Schema validation is opt-in:

await broker.validate_schema()  # raises if user's table drifts from expected columns

Call it from a /health endpoint or startup hook — not at broker.start(), so Alembic can run migrations against the same DB without a startup loop.

Retry strategies

from faststream_outbox import ExponentialRetry, ConstantRetry, LinearRetry, NoRetry

@broker.subscriber(
    "orders",
    retry_strategy=ExponentialRetry(
        initial_delay_seconds=1.0,
        max_delay_seconds=300.0,
        max_attempts=5,
        jitter_factor=0.5,
    ),
)
async def handle(order_id: int) -> None: ...

Strategies receive the raised exception so users may subclass for "retry only on transient errors":

class TransientOnly(ExponentialRetry):
    def get_next_attempt_at(self, *, exception=None, **kw):
        if exception and not isinstance(exception, TransientError):
            return None
        return super().get_next_attempt_at(exception=exception, **kw)

Failure modes

  • Handlers must be idempotent.
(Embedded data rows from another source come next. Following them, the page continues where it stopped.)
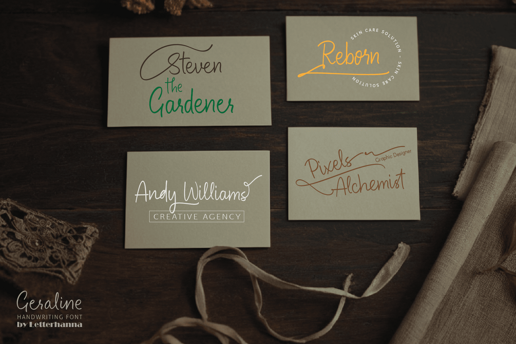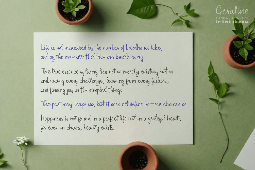 Geraline is a beautifully crafted handwriting script font that mimics the fluidity and charm of natural pen strokes on paper. With its organic flow and smooth curves, this font exudes warmth and authenticity, making it perfect for projects that require a personal and elegant touch. Whether you're designing wedding invitations, branding materials, or heartfelt quotes, Geraline adds a sophisticated yet approachable feel to your typography.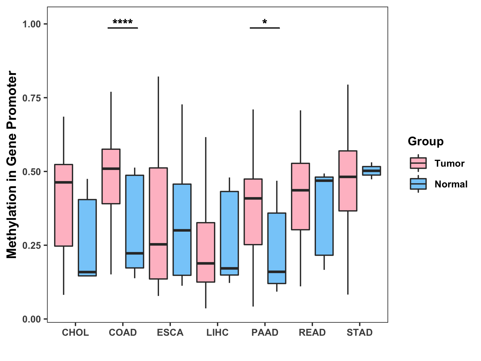 Boxplot of All Gastrointestinal Cancer ( * : 0.01-0.05 , ** : 0.005-0.01 , *** : 0.0001-0.005 , **** : < 0.0001 ) |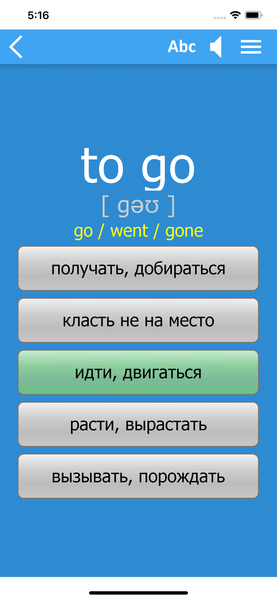 - принцип работы приложения: программа вразброс показывает английские слова (под словом размещена транскрипция, которая поможет правильно произнести слово, также слово по умолчанию произносится программой; чтобы повторно услышать произношение, нажмите на предлагаемое для перевода слово; чтобы отключить произношение, нажмите на иконку динамика в верхнем правом углу экрана) и предлагает варианты перевода на русский язык. Каждое английское слово программа выдает до тех пор, пока вы не выучите его. Приложение считает слово усвоенным, если вы правильно перевели его 6 раз подряд. Затем программа изымает из показов выученное слово.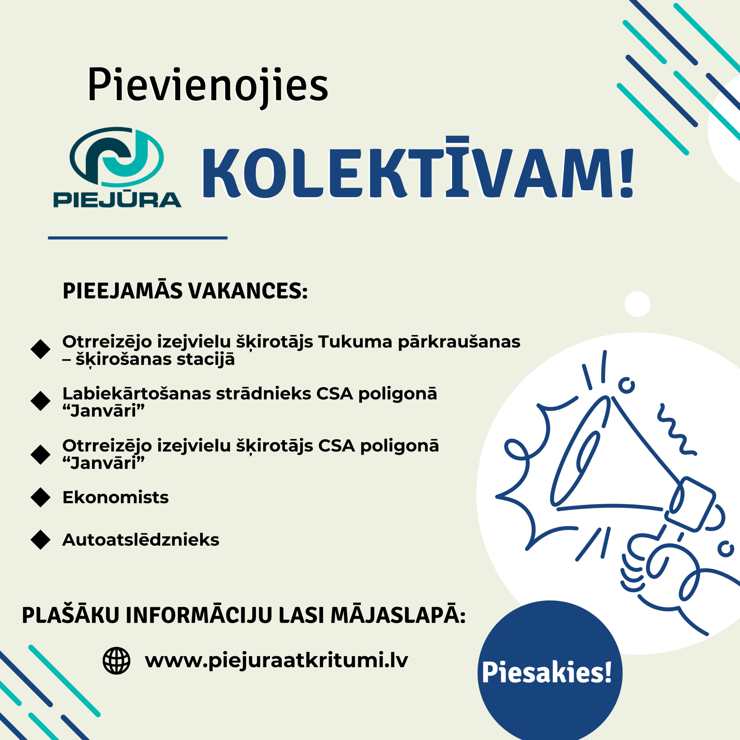 Meklē darbu? Pievienojies AAS ”PIEJŪRA” komandai!

Crash between commit-of-handler-side-effects and the broker's DELETE re-delivers the message.
  • Best-effort ordering only. FOR UPDATE SKIP LOCKED does not preserve strict order under concurrent workers. If you need strict per-aggregate ordering, route to a single subscriber and run a single worker.
  • No DLQ / archive. Terminal failures DELETE the row. Hook on_terminal_failure(row) to capture them in your own table or alerting.

Connection ownership

OutboxBroker does not close the AsyncEngine you pass in — the caller owns its lifecycle.

Tuning

Per-subscriber knobs (passed to @broker.subscriber("…", …)):

  • max_workers (default 1) — concurrent handlers per subscriber.
  • fetch_batch_size (default 10) — rows claimed per fetch cycle.
  • min_fetch_interval / max_fetch_interval (default 1.0 / 10.0 s) — base + ceiling for the adaptive idle backoff with jitter.
  • lease_ttl_seconds (default 60.0 s) — how long a claim is valid before another fetch may reclaim it. Must exceed your handler's P99 duration with margin.
  • max_deliveries (default None — unbounded) — total claims (including lease-expiry re-claims) after which the row is dropped without invoking the handler. Defends against handlers that consistently wedge.